Chait adds that this is a “kind of covered retreat, signaling the IRS scandal’s turn into a vague trope that conservatives use with other members of the tribe…to signal some dark beliefs they don’t need to back up.”
Indeed, elsewhere in the speech, McConnell actually makes this explicit, openly admitting that this scandal, at least as it reflects on Obama, is no longer about the specific behavior — scandalous or not — of living, breathing human beings, and more about something that’s been vaguely institutionalized throughout the administration. He says that here:
“As serious as the IRS scandal is, what we’re dealing with here is larger than the actions of one agency or any group of employees. This administration has institutionalized the practice of pitting bureaucrats against the very people they’re supposed to be serving, and it needs to stop.”
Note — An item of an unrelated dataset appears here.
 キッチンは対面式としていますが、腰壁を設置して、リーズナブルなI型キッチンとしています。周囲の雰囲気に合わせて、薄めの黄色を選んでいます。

“I don’t believe that the president ever actually picked up a phone and told someone over at the IRS to slow-walk those applications or audit anybody. But the truth is, he didn’t have to. The message was clear enough.”
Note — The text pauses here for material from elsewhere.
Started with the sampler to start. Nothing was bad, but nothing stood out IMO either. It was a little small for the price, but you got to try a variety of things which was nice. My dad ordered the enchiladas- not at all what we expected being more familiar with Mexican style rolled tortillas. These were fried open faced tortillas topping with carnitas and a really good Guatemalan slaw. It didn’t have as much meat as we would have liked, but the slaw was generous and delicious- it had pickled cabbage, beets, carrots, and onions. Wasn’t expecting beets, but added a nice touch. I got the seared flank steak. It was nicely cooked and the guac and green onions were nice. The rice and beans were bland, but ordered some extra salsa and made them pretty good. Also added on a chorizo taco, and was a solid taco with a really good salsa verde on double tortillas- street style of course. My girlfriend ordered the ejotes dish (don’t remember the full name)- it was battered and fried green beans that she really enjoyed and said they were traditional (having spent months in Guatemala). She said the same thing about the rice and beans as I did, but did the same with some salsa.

The thing is that at the outset of this scandal, there was a method to this kind of talk. Back when scandal-palooza was just getting started, GOP Rep. Mike Rogers — one of scandal-palooza’s ringleaders — made a very similar claim to that of McConnell, albeit in more subtle terms. He argued: “the trouble here isn’t even the individual specific scandals, it’s this broader notion that there’s a pattern of this activity.”
The idea then was to create an atmosphere of scandal, in hopes of getting the press to place each and every new fact about the unfolding stories into that framework, with no sense of balance or perspective about how significant each new piece of information really was. That worked for a time, but GOP scandal overreach really did produce a media backlash of sorts, with the press doing a good job of picking apart the various stories and separating the scandal wheat from the chaff. (Those who remember the 1990s should be heartened by what we’ve seen. So far, at least.)
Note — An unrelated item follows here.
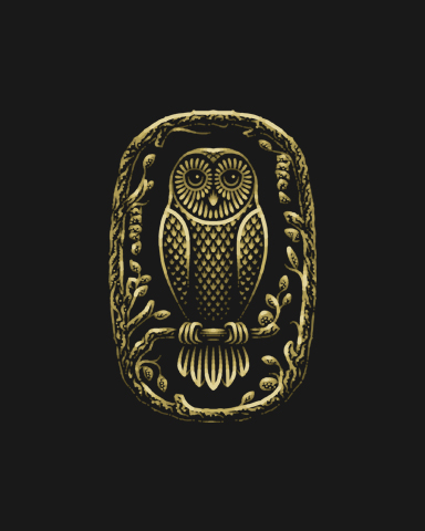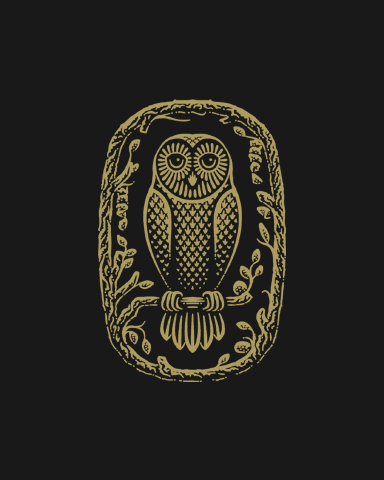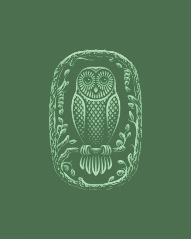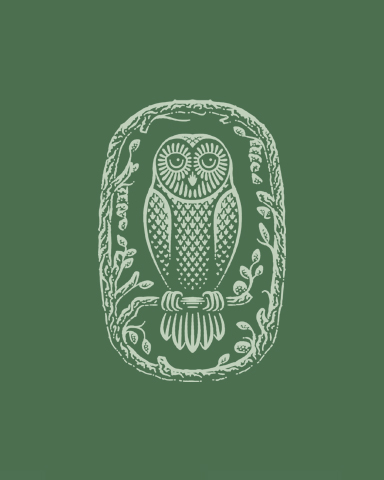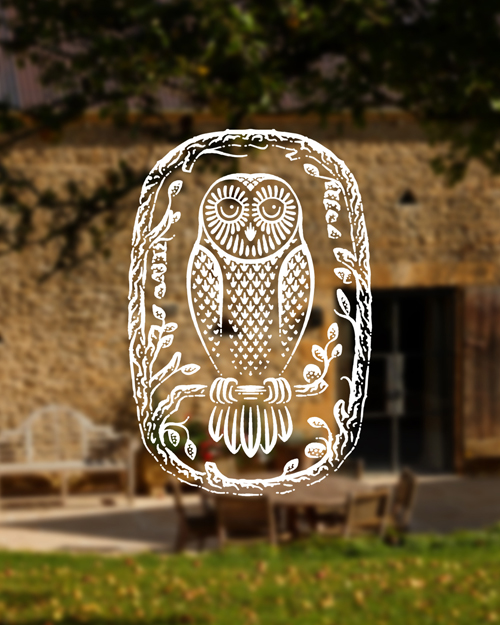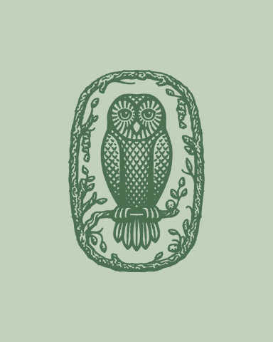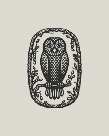 A hand-drawn owl framed by branches,a symbol of calm, stillness and quiet observation.

Darrell Issa’s selective release of transcripts, followed by the release by Dems on Issa’s Oversight Committee of full witness testimony that undercut Issa’s claims, seems to have further soured the media on GOP narratives hyping Nixonian presidential wrongdoing. Partly because of Issa’s game-playing — and partly because the very serious concerns raised by the NSA revelations intervened — the political press corps really does seem to have decided that Republican investigators have come up with nothing to tie the IRS targeting to the White House and that those initial leaks were little more than an effort to play them.
For now, at least, the media seems to have moved on. And so Mitch McConnell can now drop all pretenses and speak directly to the base in language only they can understand.